National

Man jailed for brother’s one-stab death

By AAP Newswire

A man who'd been on bad terms with his brother since a birthday function has been jailed for at least three years for fatally stabbing him in "a moment of madness".

Their unresolved dispute occurred about a year before Andrew John McDonald stabbed Edward McDonald once in the chest in January 2017, in a unit at Taree on the NSW mid north coast.

Earlier this year, a Supreme Court jury deliberated for only 35 minutes before finding McDonald not guilty of murder, possibly accepting that his intention was to do no more than frighten his brother.

The now 59-year-old had already pleaded guilty to manslaughter, which the Crown had not accepted.

In the Supreme Court sitting in Port Macquarie on Thursday, Justice Ian Harrison jailed McDonald for six years with a non-parole period of three years.

Edward McDonald's long-term partner lived in the Housing Department unit where the stabbing took place.

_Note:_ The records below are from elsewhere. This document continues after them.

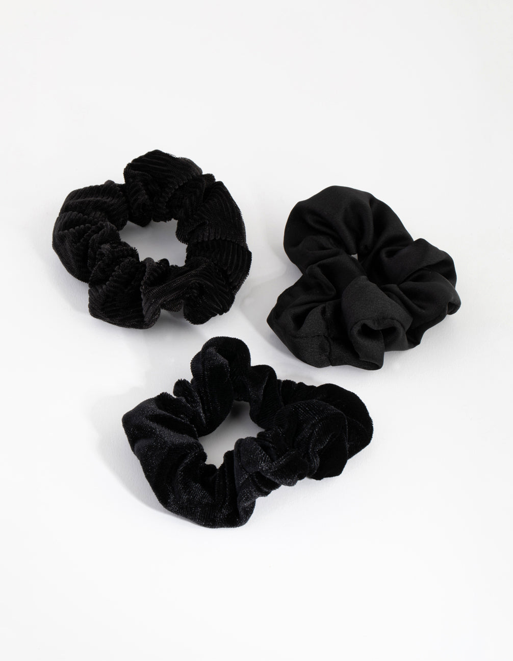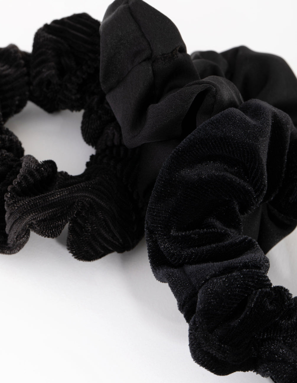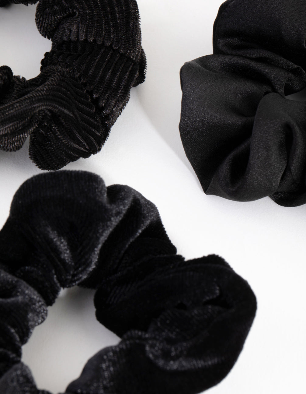 Embrace 90s trends with funky hair accessories! This pack includes three black scrunchies with both silky and velvet-like textures.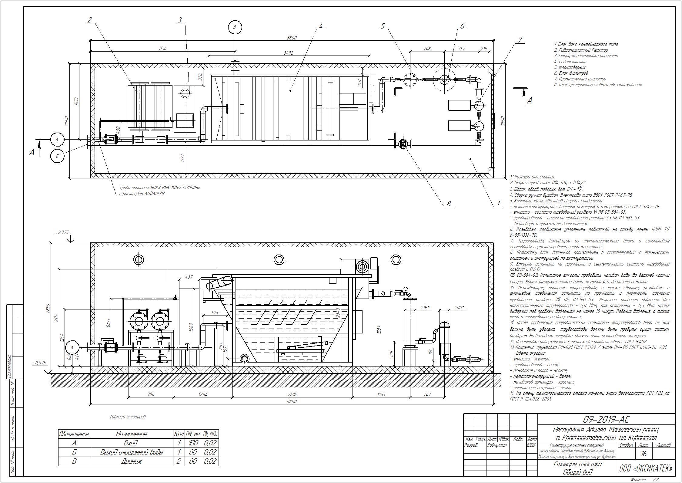 09-2019-АС Блок очистки стоков с промышленным озонатором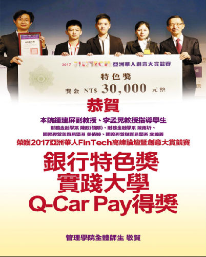 4月26日,由台北工商时报、台湾金融服务业联合总会联合主办的“2017亚洲华人FinTech高峰论坛暨创意大赏竞赛”在台北集思台大国际会议厅落下帷幕,*Av漫画 2014级赴台湾实践大学学习的学生陈政、陈雨圻、吴依婷、李晓丽4位同学组成的“Q—Car Pay”队代表实践大学参赛,一举摘得银行类特色奖。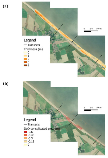 Figure 9a shows the beach deposit thickness, obtained from the difference between the topographic elevation and the consolidated platform top elevation, overlaid on an aerial image. Beach deposit thickness varies across and along the shoreline, ranging from 4 m in the north, minimal to non-existent along the undefended central section, and 2–3 m in the southern sector. As expected, the simulated lowering of the consolidated platform (Figure 9b) is largest at places where the beach deposits thickness is least and cannot offer protection. These differences in beach thickness, combined with the different defence structures close to each transect, have an appreciable effect on the simulated elevation changes (Figure 10, Figure 11 and Figure 12).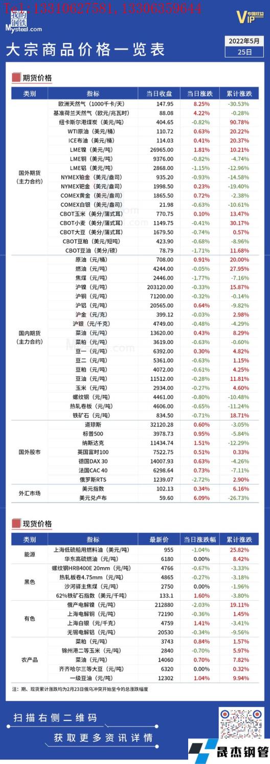 免責聲明:本網站(山東聊城晟杰無縫鋼管廠m.cuirutang.cn)刊載的“俄烏局勢丨大宗商品價格一覽表(5月25日)”等均源于網絡,版權歸原作者所有,且僅代表原作者觀點,本文所載信息僅供參考。轉載僅為學習與交流之目的,如無意中侵犯您的合法權益,請及時聯系刪除。本網站刊登此篇文章并不意味著本站贊同其觀點或證實其內容的真實性,我們不對其科學性、嚴肅性等作任何形式的保證。如果侵犯了您的版權,請盡快聯系我們予以撤銷,謝謝合作!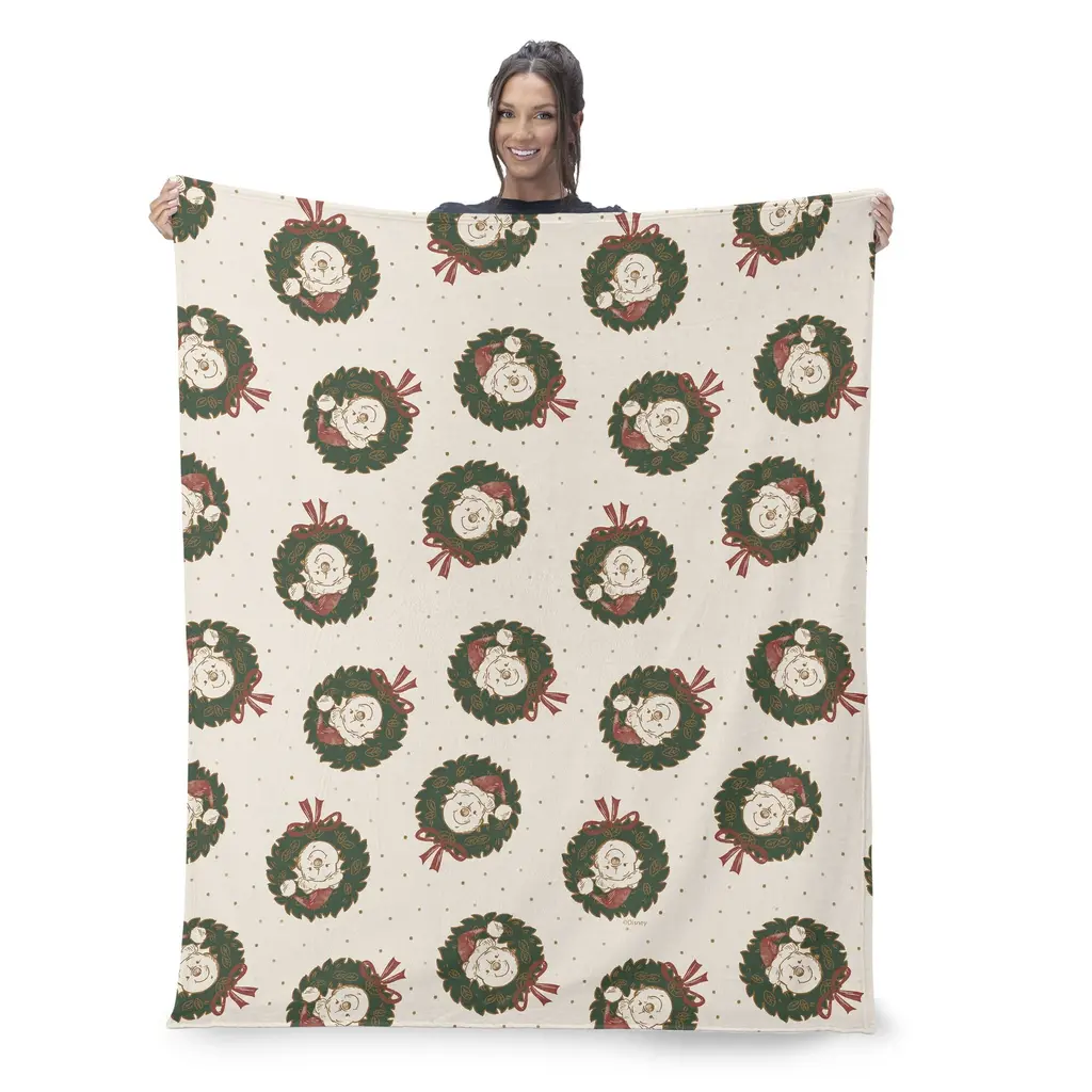 Disney Winnie The Pooh Christmas Silk Touch Sherpa Throw Blanket - 50" X 60" - Pooh Wreath

In the year before, his brother moved next door following the breakdown of his 38-year relationship.

"It would seem Mr McDonald and the deceased were even then not on good terms following an apparently unresolved dispute between them that had its origin in something that had occurred at a birthday function about a year beforehand," the judge said.

Their frequent arguments "regularly degenerated into slanging matches in which each of them would hurl abuse at the other" with Edward McDonald's partner being a "vocal contributor".

On the night of the stabbing, Edward McDonald and his partner became involved in a noisy domestic dispute.

His brother later told police they were talking about him, that "bad words were behind it" and when he went next door and asked them not to talk about him any more they just swore at him.

He then used a knife he had taken from his kitchen drawer to stab his brother once in the chest.

McDonald said he just snapped for some reason, describing it as "just a moment of madness".

He immediately went to his neighbour's and asked them to call police as he had stabbed his brother.

McDonald, whose indigenous background was marked by significant deprivation and disadvantage, had clearly been provoked by his brother, was unlikely to re-offend and had "excellent prosects of rehabilitation", the judge concluded.